Opinion
October 30, 1990
Appeal from the Supreme Court, New York County (Leon Becker, J.).
On April 28, 1988, defendant and a codefendant stole a wallet. They were observed doing this by police officers who were members of a pickpocket squad. Before trial, a Sandoval hearing was held. The court limited inquiry to the fact of six convictions and the underlying charges as to three of those convictions.
During the trial, at which defendant did not testify, defendant's sister, called as the only defense witness, volunteered that defendant had gone to prison "many a time." The court gave immediate curative instructions, telling the jurors to ignore the statement, and questioned each juror, individually, to make sure they could follow the court's instructions.

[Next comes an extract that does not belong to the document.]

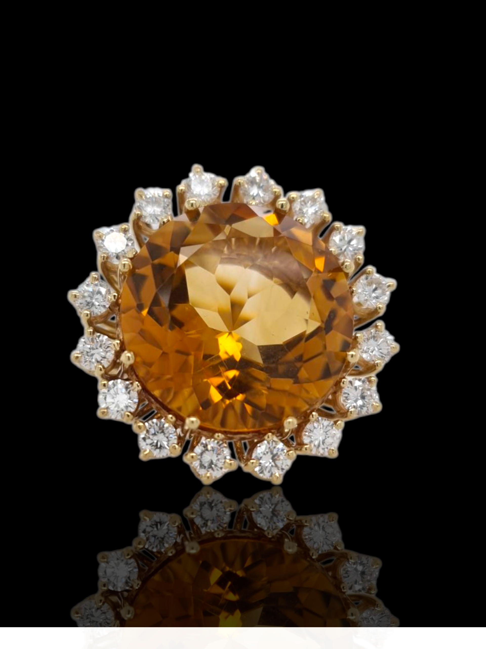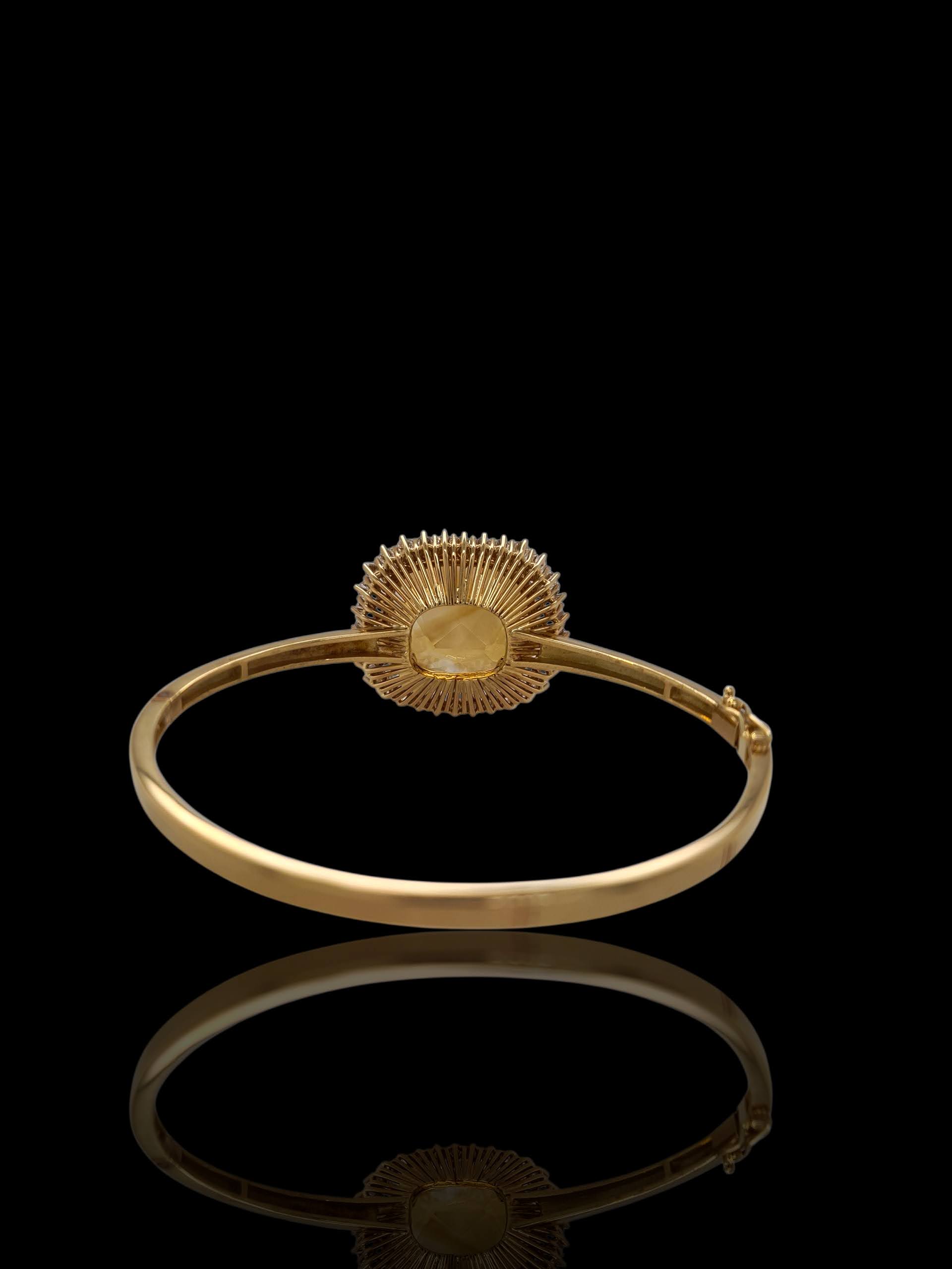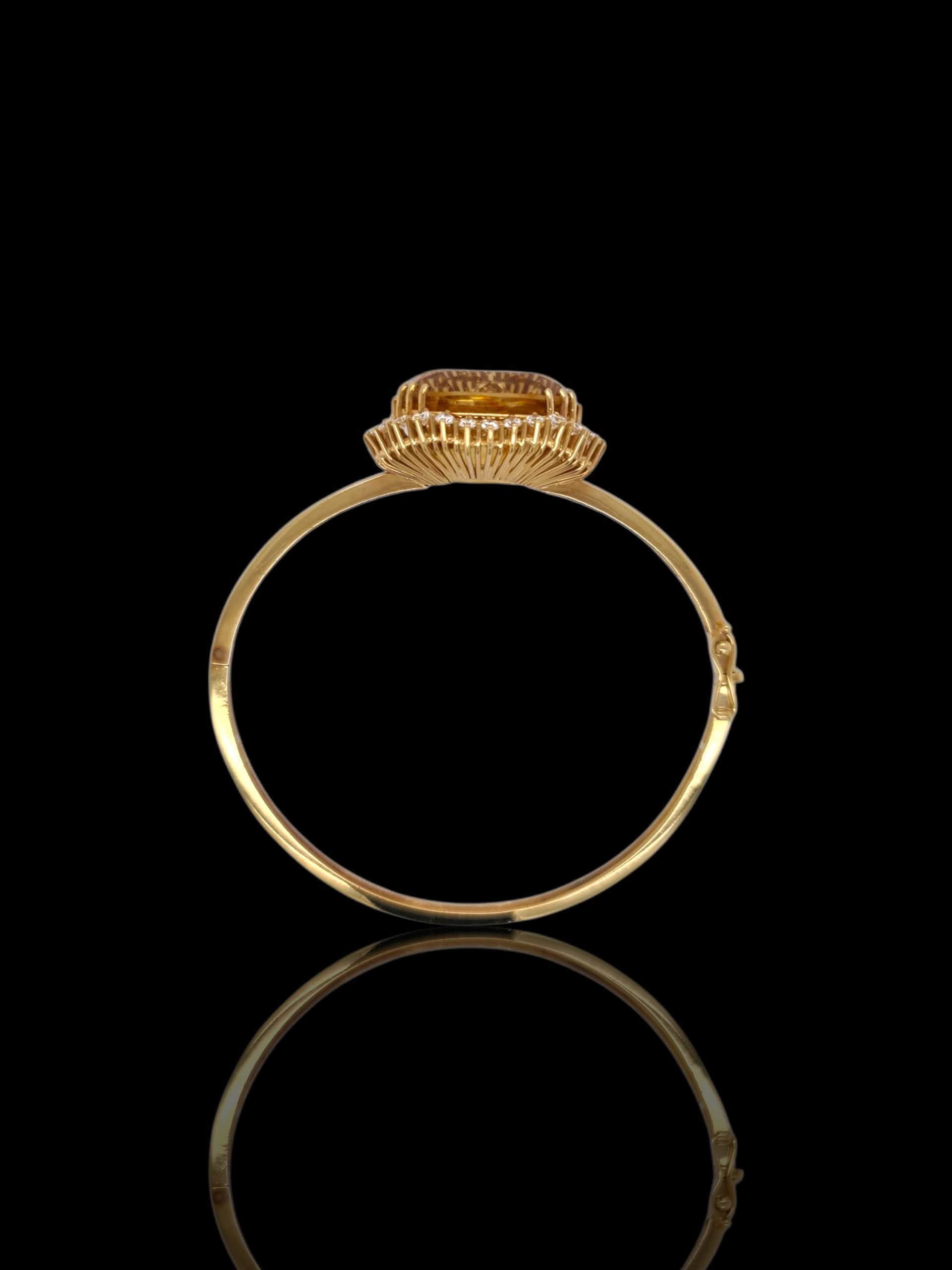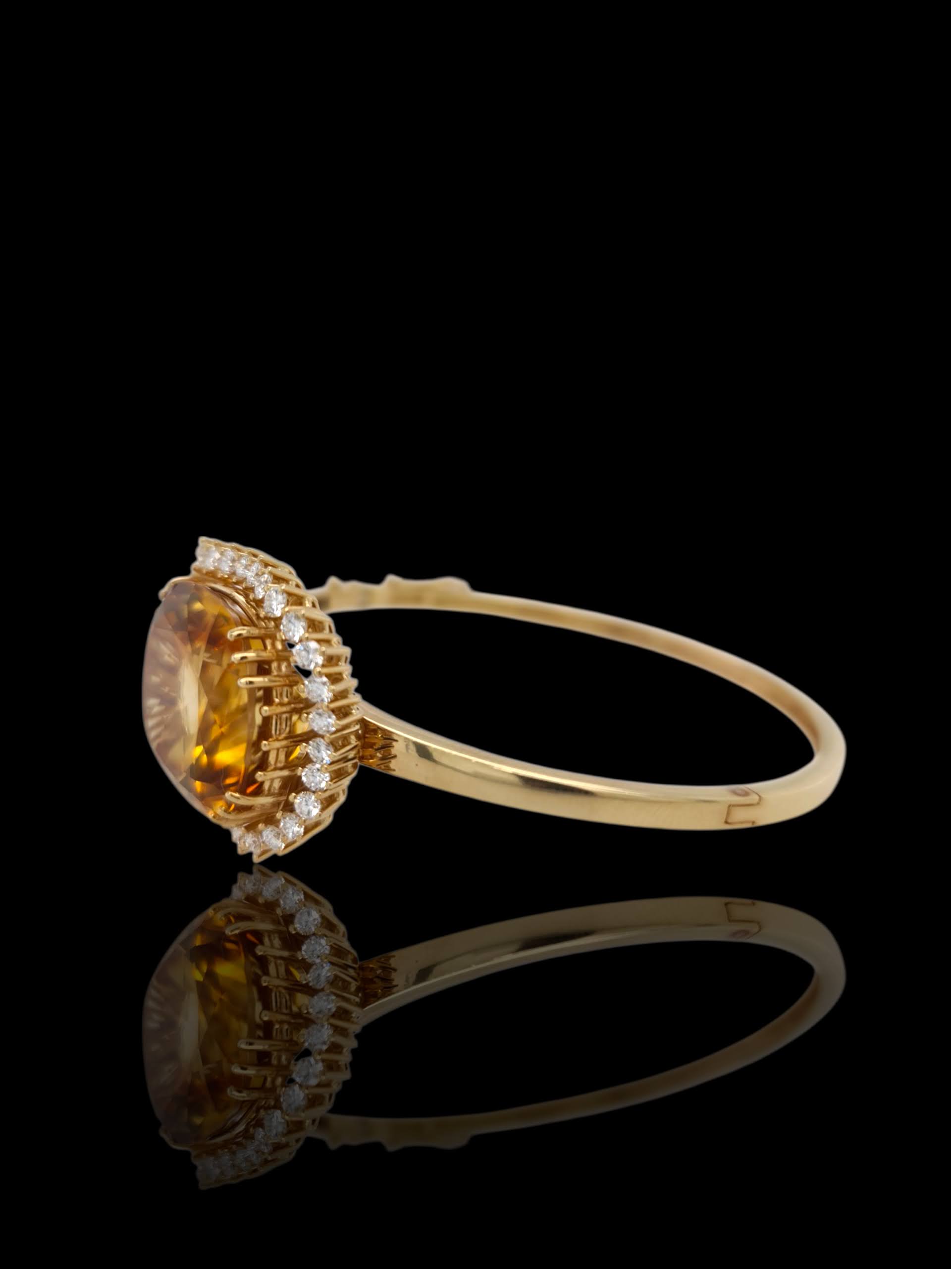 Deze imponerende armband is zonder twijfel een topstuk. Vervaardigd uit 18 karaats geelgoud en bezet met een oogverblindende citrien van 22mm breed, omlijst door tweeëndertig schitterende diamanten (totaal 1,60 karaat, Top Wesselton, VS).

On appeal, defendant argues that the court's Sandoval ruling was in error, and that she was prejudiced by the reference to her past criminal history. We do not agree. The Sandoval ruling reflected an appropriate exercise of discretion and the fact that defendant chooses to "specialize" in particular types of criminal behavior does not insulate her from inquiry on cross-examination (People v. Mingues, 165 A.D.2d 774). Any prejudice arising from the further spontaneous reference to defendant's criminal history by defendant's sister, the only defense witness, was dissipated by the prompt curative instructions issued by the trial court (People v. Burress, 164 A.D.2d 825).
Concur — Ross, J.P., Milonas, Asch, Ellerin and Rubin, JJ.